Street on the Hill is a book of poems mostly about middle-class lives in a small city. There are several poems about childhood observations, memories and concealments.
Then come men who run sweetshops in faded black ties, nuns who teach in convent schools, pregnant women and knife-grinders, as well as sports goods stores, beauty parlours, Chinese restaurants, and quiet bedrooms on winter afternoons.
The later poems are about flight from the “museum of the past”. These poems celebrate travel, love and the life of the senses.
"There are two kinds of poets. The first who craft their poems so well that when you finish the poem you look back and say – what a tremendous, haunting poem that was. But if you pick out a stanza from that poem [you say]…fair enough but nothing great. There are the other kinds who play with language and you’ll have something scintillating in every second line, something being put forward differently.
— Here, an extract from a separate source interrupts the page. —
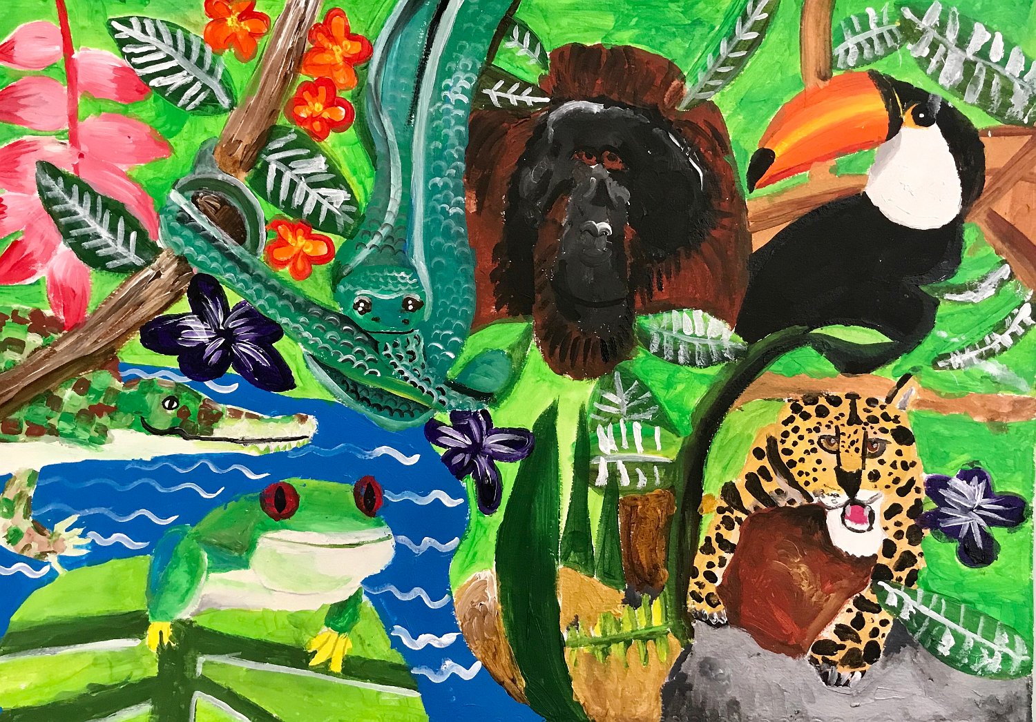CorinnavLee-age-5-Animals-in-rainforest-A4-acrylic-on-paper-Learning-Habitat-kindergarten-in-Hong-Kong-China

Anjum Hasan is both." — Keki Daruwalla
Sahitya Akademi | 2007, 2012 | 64 pages
Gata På Toppen Av En Ås | 2011 | Margbok | translated into Norwegian by Lene Westerås
From the reviews
“…a beautiful testament that is intellectually stimulating, technically vigilant and texturally refined.”
The Hindu Literary Review
“…sensitive exploration of middle-class life in a small town… a fine collection of poems whose sections bring alive the everyday fabric of life.”
Tehelka
“…extraordinarily delightful…Anjum Hasan has a great future as an Indian English poet.”
Kavya Bharati
“[Anjum Hasan] is both inhabitant and observer, humane insider and wondering outsider. This endows this first book of poetry with a depth and richness of perspective that make for compelling reading.”
Poetry International Web
“[Anjum Hasan’s] writing is unfussy, concise, in a word elegant…I want to grab every passer-by by the scruff and read them any one poem from this collection, demand of them, “Doesn’t this woman know how to write?””
The Journal
“Anjum Hasan is able in her verse to widen and re-formulate her expression, extracting it from the traditional graces and allusiveness to give it an effective directness.”